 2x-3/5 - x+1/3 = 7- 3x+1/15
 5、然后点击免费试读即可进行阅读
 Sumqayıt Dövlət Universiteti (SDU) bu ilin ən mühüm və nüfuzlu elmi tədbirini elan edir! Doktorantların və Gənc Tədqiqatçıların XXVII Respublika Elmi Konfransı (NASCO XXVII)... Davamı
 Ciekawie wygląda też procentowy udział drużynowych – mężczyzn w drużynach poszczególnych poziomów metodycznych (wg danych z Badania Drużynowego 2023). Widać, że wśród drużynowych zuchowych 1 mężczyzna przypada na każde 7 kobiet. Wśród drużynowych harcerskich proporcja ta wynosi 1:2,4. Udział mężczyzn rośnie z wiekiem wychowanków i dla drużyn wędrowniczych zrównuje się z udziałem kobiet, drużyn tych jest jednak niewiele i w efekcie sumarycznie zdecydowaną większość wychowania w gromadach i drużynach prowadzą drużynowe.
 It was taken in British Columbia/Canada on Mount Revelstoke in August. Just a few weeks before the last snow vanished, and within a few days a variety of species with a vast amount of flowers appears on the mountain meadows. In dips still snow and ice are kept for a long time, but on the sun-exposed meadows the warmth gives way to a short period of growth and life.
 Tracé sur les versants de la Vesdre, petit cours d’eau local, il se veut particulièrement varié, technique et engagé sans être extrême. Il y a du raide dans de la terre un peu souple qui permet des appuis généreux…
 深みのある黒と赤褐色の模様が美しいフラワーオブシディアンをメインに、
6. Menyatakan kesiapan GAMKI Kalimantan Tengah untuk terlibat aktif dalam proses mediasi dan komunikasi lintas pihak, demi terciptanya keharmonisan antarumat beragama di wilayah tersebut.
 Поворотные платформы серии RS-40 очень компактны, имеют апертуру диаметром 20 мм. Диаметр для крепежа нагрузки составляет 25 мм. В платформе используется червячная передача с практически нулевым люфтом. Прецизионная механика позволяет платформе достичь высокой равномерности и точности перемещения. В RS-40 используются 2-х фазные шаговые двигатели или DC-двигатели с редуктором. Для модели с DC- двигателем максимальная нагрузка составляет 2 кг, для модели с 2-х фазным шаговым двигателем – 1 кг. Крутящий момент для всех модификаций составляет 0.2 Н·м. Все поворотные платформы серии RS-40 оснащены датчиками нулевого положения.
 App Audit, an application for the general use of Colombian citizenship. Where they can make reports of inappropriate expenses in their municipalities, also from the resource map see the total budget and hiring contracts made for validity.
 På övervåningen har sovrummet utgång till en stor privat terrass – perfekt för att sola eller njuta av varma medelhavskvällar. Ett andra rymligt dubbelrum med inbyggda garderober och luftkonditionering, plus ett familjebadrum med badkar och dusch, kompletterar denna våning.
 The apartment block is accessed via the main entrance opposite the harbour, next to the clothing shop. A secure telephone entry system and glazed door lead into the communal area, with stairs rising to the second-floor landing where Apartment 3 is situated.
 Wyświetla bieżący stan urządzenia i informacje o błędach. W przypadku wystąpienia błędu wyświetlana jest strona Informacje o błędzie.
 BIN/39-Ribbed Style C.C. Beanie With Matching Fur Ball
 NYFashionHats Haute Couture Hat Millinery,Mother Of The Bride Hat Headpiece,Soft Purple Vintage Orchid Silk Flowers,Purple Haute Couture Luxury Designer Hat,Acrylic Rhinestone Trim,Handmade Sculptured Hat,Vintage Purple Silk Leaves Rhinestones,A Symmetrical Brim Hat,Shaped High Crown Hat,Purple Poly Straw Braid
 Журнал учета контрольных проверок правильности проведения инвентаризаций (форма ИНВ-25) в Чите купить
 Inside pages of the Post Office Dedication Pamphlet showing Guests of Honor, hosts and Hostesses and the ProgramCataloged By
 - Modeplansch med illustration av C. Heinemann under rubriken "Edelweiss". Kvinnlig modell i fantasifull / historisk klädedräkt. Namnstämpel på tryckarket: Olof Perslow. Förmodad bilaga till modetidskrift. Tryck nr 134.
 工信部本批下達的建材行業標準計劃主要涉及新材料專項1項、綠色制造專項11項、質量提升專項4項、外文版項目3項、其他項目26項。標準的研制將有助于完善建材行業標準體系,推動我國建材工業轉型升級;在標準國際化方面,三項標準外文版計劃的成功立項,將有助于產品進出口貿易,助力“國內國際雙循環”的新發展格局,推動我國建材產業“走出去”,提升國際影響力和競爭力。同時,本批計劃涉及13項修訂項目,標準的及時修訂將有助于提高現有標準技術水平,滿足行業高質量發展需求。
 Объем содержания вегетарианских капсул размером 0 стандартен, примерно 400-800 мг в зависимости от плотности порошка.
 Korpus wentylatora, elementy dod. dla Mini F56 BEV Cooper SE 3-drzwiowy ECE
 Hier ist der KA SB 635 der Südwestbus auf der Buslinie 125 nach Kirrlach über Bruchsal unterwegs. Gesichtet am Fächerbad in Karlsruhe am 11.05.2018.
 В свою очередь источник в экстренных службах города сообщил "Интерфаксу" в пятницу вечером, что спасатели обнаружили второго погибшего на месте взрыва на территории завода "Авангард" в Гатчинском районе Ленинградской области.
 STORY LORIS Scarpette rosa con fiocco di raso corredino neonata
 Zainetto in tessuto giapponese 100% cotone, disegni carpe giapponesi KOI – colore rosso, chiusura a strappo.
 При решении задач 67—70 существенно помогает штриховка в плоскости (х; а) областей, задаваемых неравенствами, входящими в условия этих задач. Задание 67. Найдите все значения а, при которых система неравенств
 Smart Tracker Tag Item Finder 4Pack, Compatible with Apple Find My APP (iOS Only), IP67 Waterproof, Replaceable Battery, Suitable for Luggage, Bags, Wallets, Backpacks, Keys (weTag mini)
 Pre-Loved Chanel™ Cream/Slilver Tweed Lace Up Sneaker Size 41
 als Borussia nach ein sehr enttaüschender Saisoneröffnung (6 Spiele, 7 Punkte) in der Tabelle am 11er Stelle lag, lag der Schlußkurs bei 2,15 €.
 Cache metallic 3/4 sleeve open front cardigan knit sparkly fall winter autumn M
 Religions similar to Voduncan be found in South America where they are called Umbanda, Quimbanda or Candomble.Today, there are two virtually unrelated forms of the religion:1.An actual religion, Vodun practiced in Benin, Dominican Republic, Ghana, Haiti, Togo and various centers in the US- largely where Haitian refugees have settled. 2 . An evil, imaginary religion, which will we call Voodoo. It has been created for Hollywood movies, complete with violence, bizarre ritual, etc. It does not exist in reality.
· · · · ·
What lines in the listing contain "jest"? Copy them all.

 Ciekawie wygląda też procentowy udział drużynowych – mężczyzn w drużynach poszczególnych poziomów metodycznych (wg danych z Badania Drużynowego 2023). Widać, że wśród drużynowych zuchowych 1 mężczyzna przypada na każde 7 kobiet. Wśród drużynowych harcerskich proporcja ta wynosi 1:2,4. Udział mężczyzn rośnie z wiekiem wychowanków i dla drużyn wędrowniczych zrównuje się z udziałem kobiet, drużyn tych jest jednak niewiele i w efekcie sumarycznie zdecydowaną większość wychowania w gromadach i drużynach prowadzą drużynowe.
 Wyświetla bieżący stan urządzenia i informacje o błędach. W przypadku wystąpienia błędu wyświetlana jest strona Informacje o błędzie.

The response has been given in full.